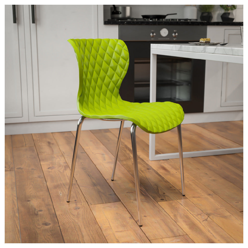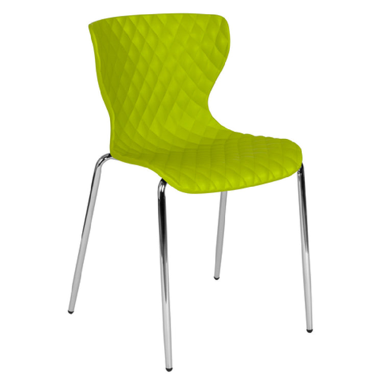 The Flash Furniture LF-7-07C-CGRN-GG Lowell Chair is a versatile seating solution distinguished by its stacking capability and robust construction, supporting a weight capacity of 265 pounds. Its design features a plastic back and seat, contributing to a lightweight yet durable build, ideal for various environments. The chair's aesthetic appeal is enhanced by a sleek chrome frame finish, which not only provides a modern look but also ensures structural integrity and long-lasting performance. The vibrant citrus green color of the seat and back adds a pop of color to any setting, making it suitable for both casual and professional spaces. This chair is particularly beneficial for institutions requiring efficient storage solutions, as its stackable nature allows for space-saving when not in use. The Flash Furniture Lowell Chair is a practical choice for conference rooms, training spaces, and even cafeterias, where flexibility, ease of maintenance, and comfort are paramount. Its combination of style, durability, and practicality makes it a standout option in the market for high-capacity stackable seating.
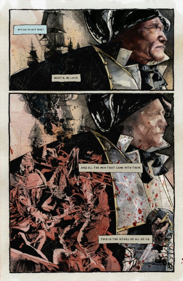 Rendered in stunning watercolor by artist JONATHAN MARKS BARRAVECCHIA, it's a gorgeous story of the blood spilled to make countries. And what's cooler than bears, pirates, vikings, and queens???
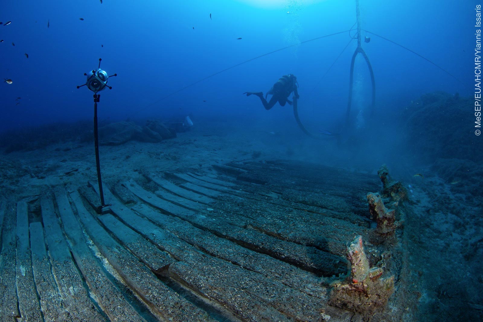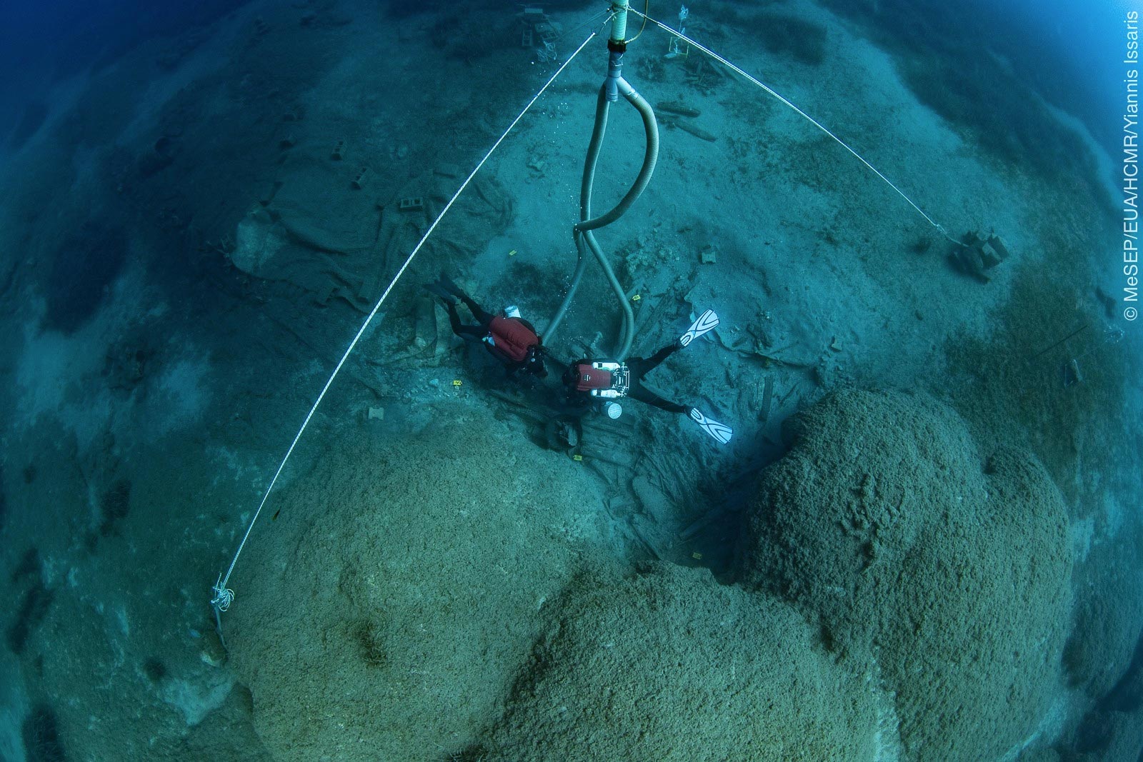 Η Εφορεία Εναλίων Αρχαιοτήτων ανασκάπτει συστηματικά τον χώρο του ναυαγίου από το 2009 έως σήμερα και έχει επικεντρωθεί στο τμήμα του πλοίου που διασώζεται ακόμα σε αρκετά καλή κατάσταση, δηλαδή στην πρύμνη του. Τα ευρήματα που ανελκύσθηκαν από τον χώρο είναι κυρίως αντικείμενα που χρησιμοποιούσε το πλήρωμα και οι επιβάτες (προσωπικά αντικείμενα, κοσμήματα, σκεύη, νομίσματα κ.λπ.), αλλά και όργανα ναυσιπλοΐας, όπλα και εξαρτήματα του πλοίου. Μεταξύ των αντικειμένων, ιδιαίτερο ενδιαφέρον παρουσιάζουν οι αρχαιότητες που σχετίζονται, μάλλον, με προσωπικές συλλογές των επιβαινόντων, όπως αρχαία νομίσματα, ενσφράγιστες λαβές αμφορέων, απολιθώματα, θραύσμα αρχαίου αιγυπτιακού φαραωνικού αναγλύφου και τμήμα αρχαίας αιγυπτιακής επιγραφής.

· · · · · · ·

Problem description: Every line in the data above needs to be given again exactly, pictures aside.

Response to this exercise:
 The Flash Furniture LF-7-07C-CGRN-GG Lowell Chair is a versatile seating solution distinguished by its stacking capability and robust construction, supporting a weight capacity of 265 pounds. Its design features a plastic back and seat, contributing to a lightweight yet durable build, ideal for various environments. The chair's aesthetic appeal is enhanced by a sleek chrome frame finish, which not only provides a modern look but also ensures structural integrity and long-lasting performance. The vibrant citrus green color of the seat and back adds a pop of color to any setting, making it suitable for both casual and professional spaces. This chair is particularly beneficial for institutions requiring efficient storage solutions, as its stackable nature allows for space-saving when not in use. The Flash Furniture Lowell Chair is a practical choice for conference rooms, training spaces, and even cafeterias, where flexibility, ease of maintenance, and comfort are paramount. Its combination of style, durability, and practicality makes it a standout option in the market for high-capacity stackable seating.
 Rendered in stunning watercolor by artist JONATHAN MARKS BARRAVECCHIA, it's a gorgeous story of the blood spilled to make countries. And what's cooler than bears, pirates, vikings, and queens???
 Η Εφορεία Εναλίων Αρχαιοτήτων ανασκάπτει συστηματικά τον χώρο του ναυαγίου από το 2009 έως σήμερα και έχει επικεντρωθεί στο τμήμα του πλοίου που διασώζεται ακόμα σε αρκετά καλή κατάσταση, δηλαδή στην πρύμνη του. Τα ευρήματα που ανελκύσθηκαν από τον χώρο είναι κυρίως αντικείμενα που χρησιμοποιούσε το πλήρωμα και οι επιβάτες (προσωπικά αντικείμενα, κοσμήματα, σκεύη, νομίσματα κ.λπ.), αλλά και όργανα ναυσιπλοΐας, όπλα και εξαρτήματα του πλοίου. Μεταξύ των αντικειμένων, ιδιαίτερο ενδιαφέρον παρουσιάζουν οι αρχαιότητες που σχετίζονται, μάλλον, με προσωπικές συλλογές των επιβαινόντων, όπως αρχαία νομίσματα, ενσφράγιστες λαβές αμφορέων, απολιθώματα, θραύσμα αρχαίου αιγυπτιακού φαραωνικού αναγλύφου και τμήμα αρχαίας αιγυπτιακής επιγραφής.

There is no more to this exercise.